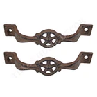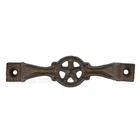 2 Star Door Handles #G071 Set of 2 new handles Made of cast iron with a rustic brown finish Measures 6 1/4 inches in total length by 1 inch wide at the base Each handle has 2 predrilled holes Mounting holes are 5 3/8 inches apart The space between the mounting surface and the handle is 1 1/4 inches Great for rustic furniture, coolers, shed doors, drawers or cabinets
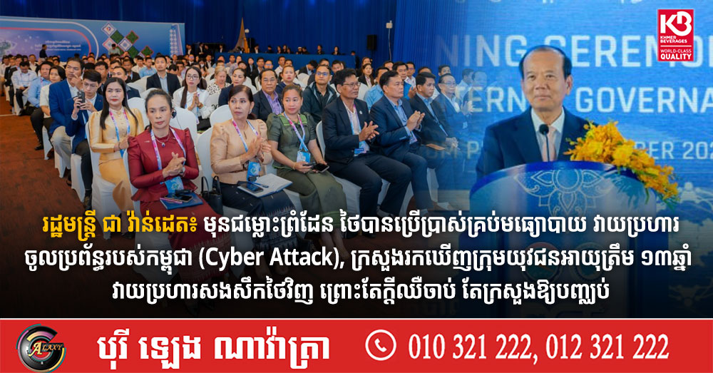 រដ្ឋមន្ត្រី ជា វ៉ាន់ដេត៖ មុនជម្លោះព្រំដែន ថៃបានប្រើប្រាស់គ្រប់មធ្យោបាយ វាយប្រហារចូលប្រព័ន្ធរបស់កម្ពុជា (Cyber Attack), ក្រសួងរកឃើញក្រុមយុវជនអាយុត្រឹម ១៣ឆ្នាំ វាយប្រហារសងសឹកថៃវិញ ព្រោះតែក្តីឈឺចាប់ តែក្រសួងឱ្យបញ្ឈប់ (Video inside)
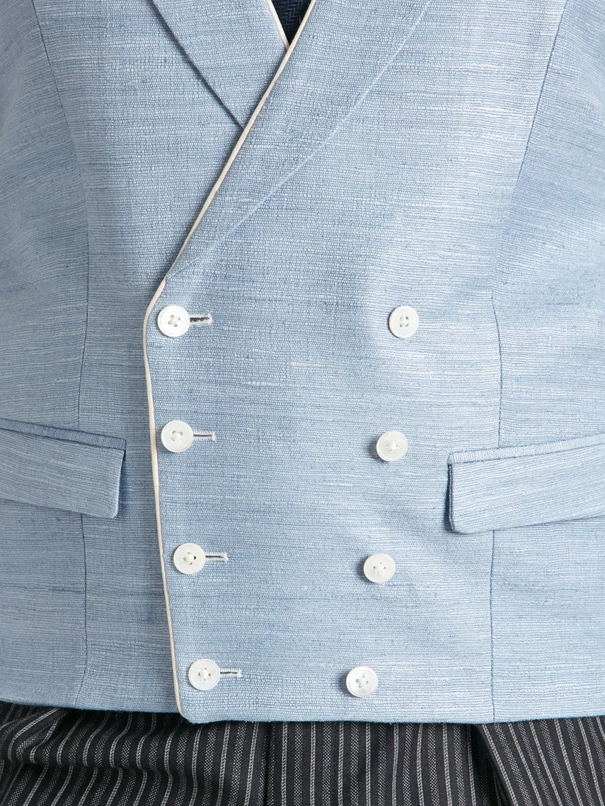 Double Breasted Waistcoat Woven Silk – Mid Blue
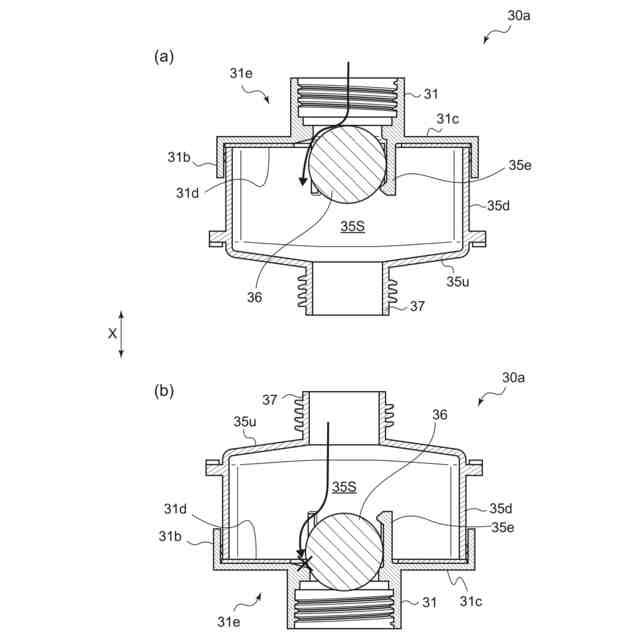 図7(a)は、上下反転前の図6に示すバッファー部の液体の流れを説明するための縦断面図であり、図7(b)は、上下反転後の同縦断面図である。
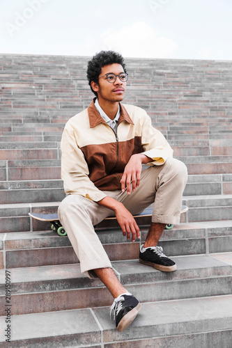 african, american, guy, black, leisure, lifestyle, sitting, skateboard, skater, skate, board, street, sport, style, urban, skateboarder, fun, relax, resting, bold, man, composition, afro, male, outside, portrait, rest, stair, up, chilling, fashion, casual attire, dude, peace, sneaker, african american, background, day, goggles, smiling, skateboarding, sky, square, sleepy, cool, photogenic, young, summer
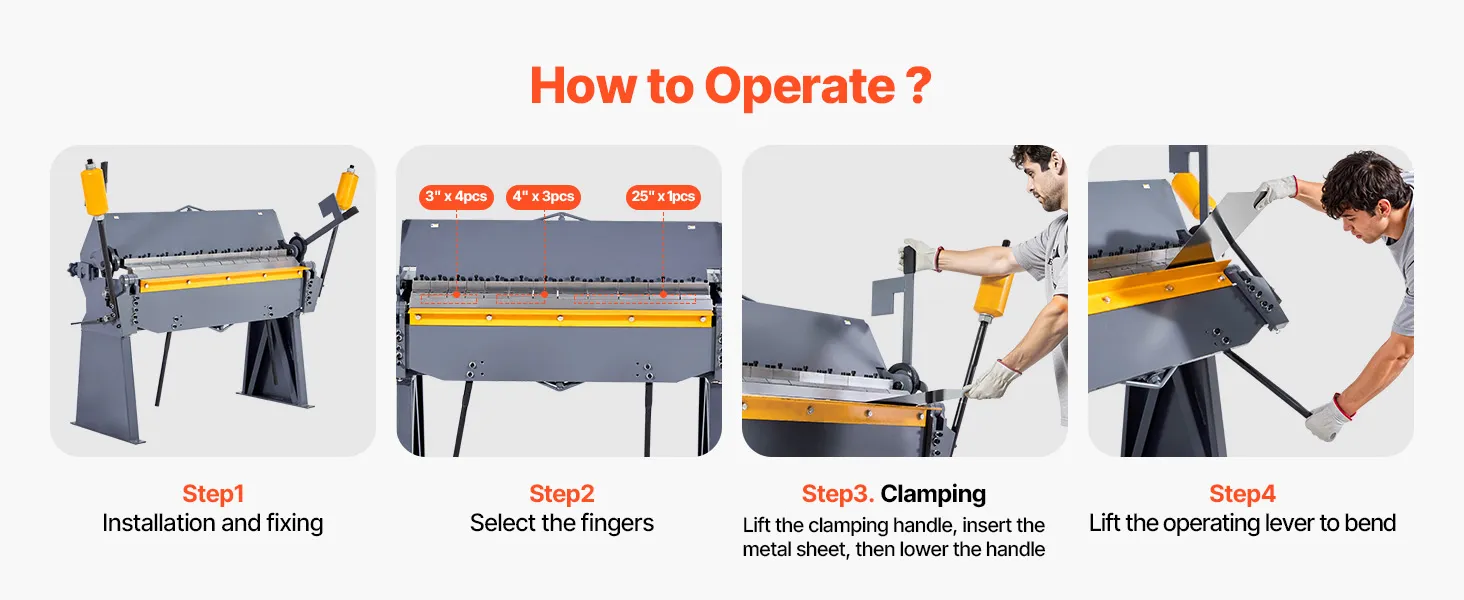 Biegen Sie Metall wie ein Profi mit dieser 48-Zoll (1220 mm)-Blechbiegemaschine. Die Schwenkbiegemaschine ist ideal für Werkstätten, verarbeitet 12-Gauge (2,5 mm)-Stahl, unterstützt verschiedene Materialien und verfügt über modulare Finger für komplexe Biegungen – einfach zu bedienen, stabil und für präzises Biegen ausgelegt.
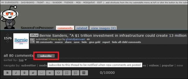 Vous êtes-vous déjà retrouvé à vous présenter à un fil de discussion tôt, pour découvrir deux ou trois commentaires épars sans vote positif entre eux? S'il s'agit d'un sujet qui vous intéresse particulièrement, vous pouvez cliquer sur le bouton "S'abonner" sous le titre principal pour recevoir une série de notifications chaque fois qu'une nouvelle personne ajoute un commentaire ou une réponse.
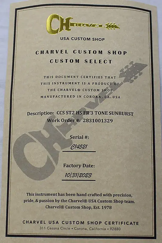 Charvel CCS ST2 HS FR USA Custom Shop Custom Select
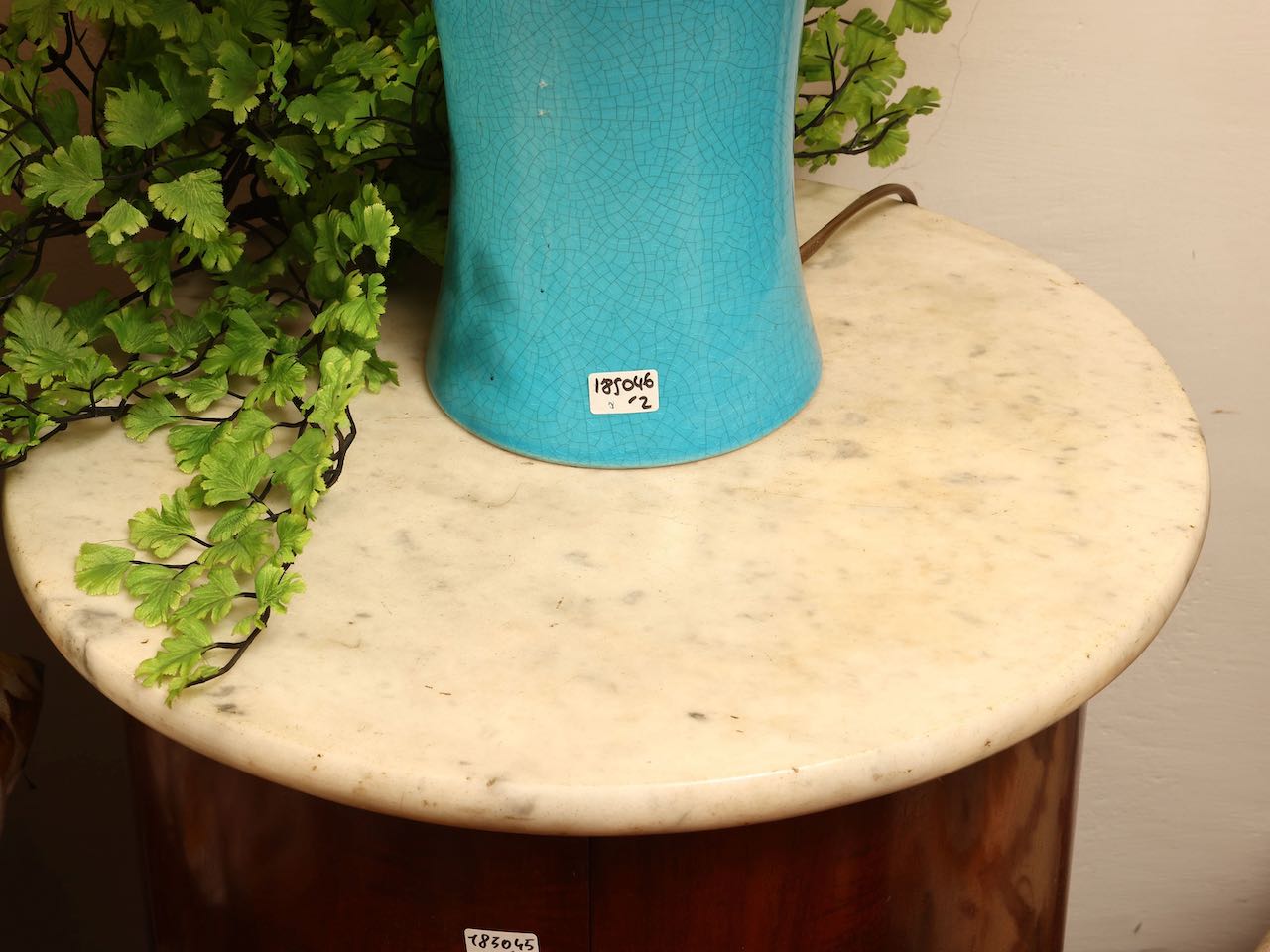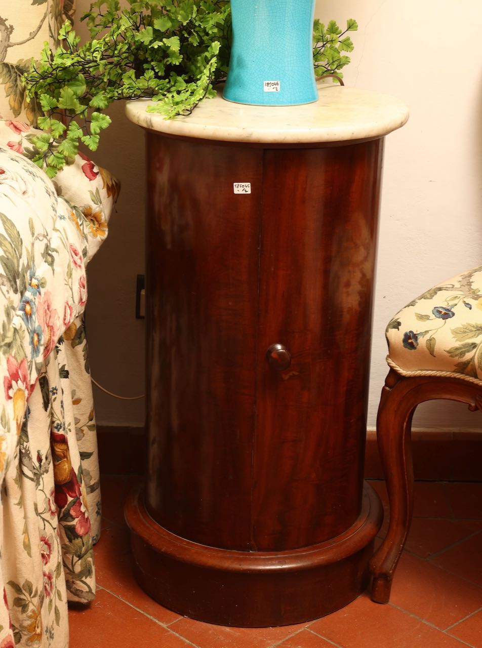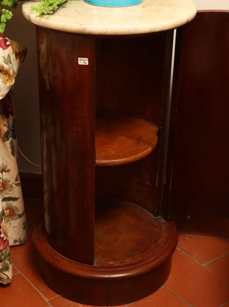 Coppia comodini a colonna in ciliegio, uno sportello, piano in marmo. Italia, sec. XIX

§

» WORK INSTRUCTIONS
Write out only the lines from the one that contains "Biegen Sie Metall" through the last line of the records above, both included, word for word and without the pictures.

» ANSWER SECTION
 Biegen Sie Metall wie ein Profi mit dieser 48-Zoll (1220 mm)-Blechbiegemaschine. Die Schwenkbiegemaschine ist ideal für Werkstätten, verarbeitet 12-Gauge (2,5 mm)-Stahl, unterstützt verschiedene Materialien und verfügt über modulare Finger für komplexe Biegungen – einfach zu bedienen, stabil und für präzises Biegen ausgelegt.
 Vous êtes-vous déjà retrouvé à vous présenter à un fil de discussion tôt, pour découvrir deux ou trois commentaires épars sans vote positif entre eux? S'il s'agit d'un sujet qui vous intéresse particulièrement, vous pouvez cliquer sur le bouton "S'abonner" sous le titre principal pour recevoir une série de notifications chaque fois qu'une nouvelle personne ajoute un commentaire ou une réponse.
 Charvel CCS ST2 HS FR USA Custom Shop Custom Select
 Coppia comodini a colonna in ciliegio, uno sportello, piano in marmo. Italia, sec. XIX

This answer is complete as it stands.